Dans l’article sur la rasterisation GPU, j’ai implémenté un shadow map via headless-gl qui donne un speedup de 91x sur les bâtiments. Le ray-tracing CPU à 2000 µs par évaluation est tombé à 22 µs. Victoire.
Sauf que le bottleneck s’est déplacé.
3.75 millions d’opérations en JavaScript
Le shadow map résout un problème : “ce point est-il dans l’ombre d’un bâtiment ?” Un rendu GPU, puis un lookup O(1) dans le depth buffer pour chaque point. Rapide.
Mais pour chaque point de ma grille, il reste trois autres questions auxquelles le shadow map ne répond pas :
- Le terrain bloque-t-il le soleil ? Lookup dans un masque d’horizon pré-calculé (360 angles par masque, interpolation par azimuth solaire).
- Un arbre bloque-t-il le soleil ? Ray-march sur les rasters SwissSurface3D : 60 pas de 2 mètres le long du rayon solaire, avec test de clearance à 4 mètres.

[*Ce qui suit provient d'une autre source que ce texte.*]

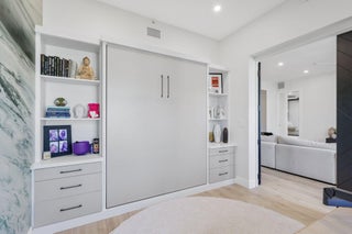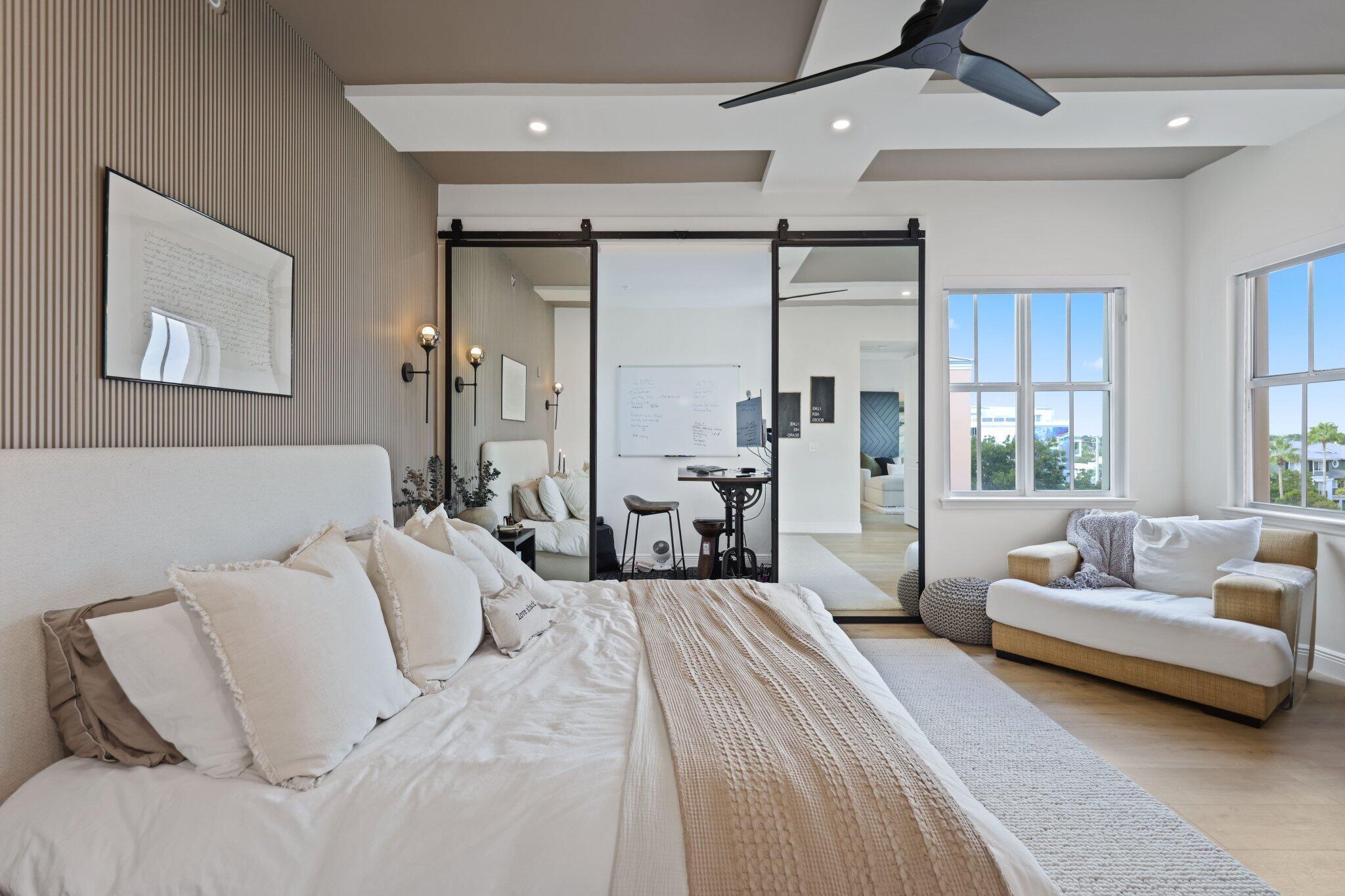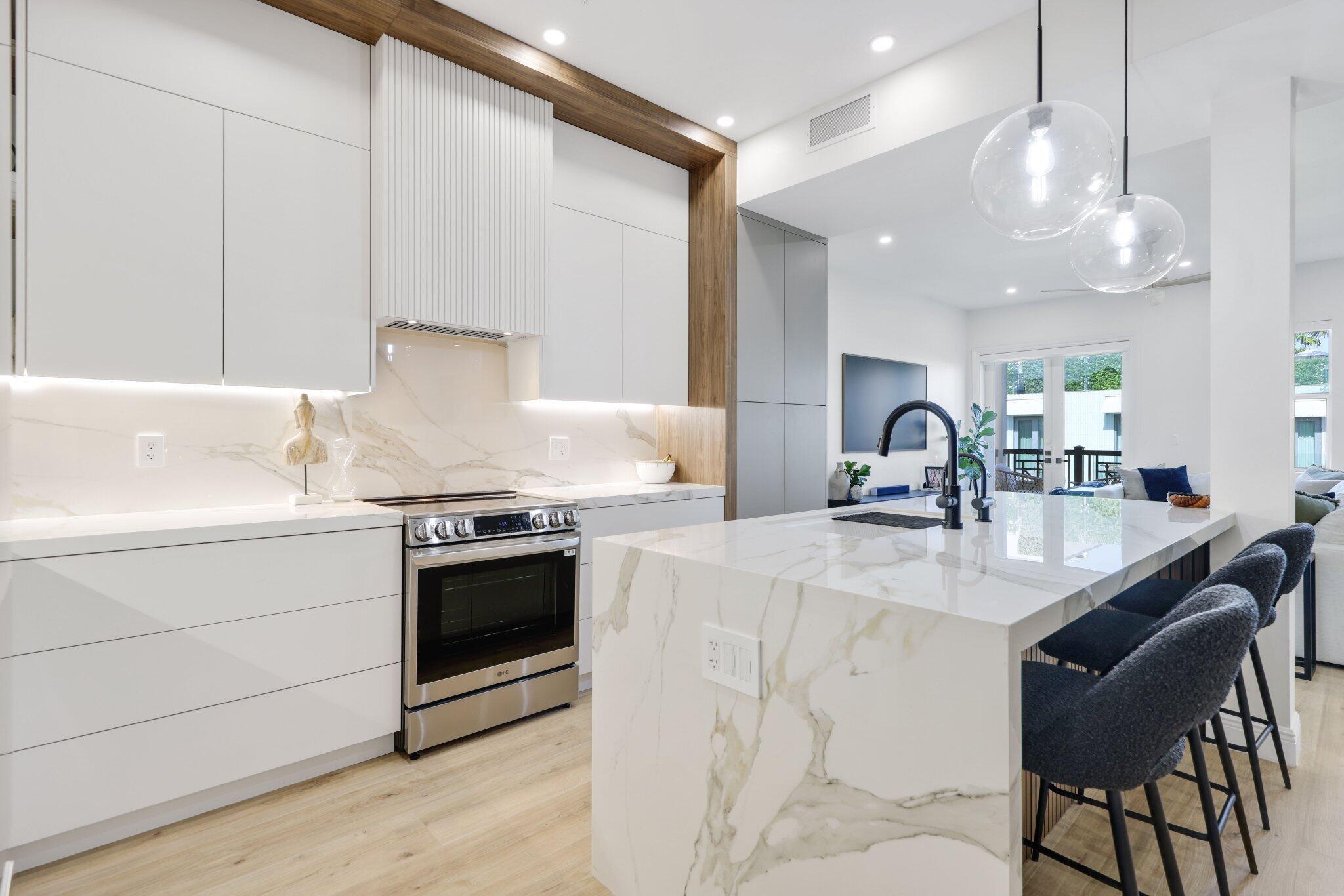 Now available for an annual lease! The crown jewel of downtown Delray Beach, this stunning top-floor corner unit in the prestigious luxury building of City Walk is more than a residence, it's a lifestyle. Completely reimagined from the ground up, every detail has been thoughtfully designed to create a light-filled sanctuary that blends modern luxury with zen-inspired sophistication. Raised ceilings, wide-plank blonde hardwood floors, and strategically opened walls provide an airy, open flow, while the concrete construction ensures privacy and peace with no neighbors above. At the heart of the home is a chef's dream kitchen, showcasing custom soft-close slatted cabinetry, a waterfall quartz marble island, and a seamless quartz backsplash that exudes sophistication.Premium appliances, including a built-in ice maker with three ice options, pair with features like a filtered hot and cold water system, undermount microwave, custom hood, oversized porcelain sink, and pull-out pantry drawers to make this space as functional as it is beautiful. The primary suite is a true sanctuary, offering a custom walk-in closet with linen-textured drawer faces and quartz marble accents, a dramatic slatted focal wall, and a private alcove perfect for a second office or reading nook. The spa-inspired primary bathroom features a custom double vanity, smart toilet, and a glass-enclosed wet room with rain shower, handheld, and oversized matte soaking tub. The second bedroom doubles as a master suite with its own designer ensuite bathroom and walk-in closet, while the third room is ingeniously designed as a multi-purpose office or guest retreat with a built-in queen Murphy bed, integrated storage, and designer finishes. Every space of this residence has been elevated with thoughtful details, from smart technology and remote-controlled blackout shades to an oversized laundry room with folding counter and a sophisticated half bath wrapped in natural grasscloth. Glass French doors open to a private balcony that floods the corner unit with natural light. Building amenities include an assigned covered parking spot and an exterior 8x8 locked storage unit. Located in the highly desirable Pineapple Grove Arts District, this home offers unmatched access to world-class dining, art galleries, nightlife, and Delray's pristine beaches, all complemented by the peace of mind that comes with brand-new electrical systems, updated circuit breakers, and an integrated sprinkler system. City Walk is dog friendly building with covered parking and a large storage facility which conveys with the unit. City Walk is in compliance with all of Florida's recent condo regulations.

- Le point est-il “ensoleillé” ? Combinaison des trois résultats :
sunny = PAS(terrain) ET PAS(bâtiment) ET PAS(végétation).
Pour une tuile de 250 mètres au pas de 1 mètre, ça fait 62’500 points. Sur une journée (06h-21h) échantillonnée toutes les 15 minutes, ça fait 60 frames. Soit 3.75 millions d’itérations — en JavaScript, séquentiellement, point par point.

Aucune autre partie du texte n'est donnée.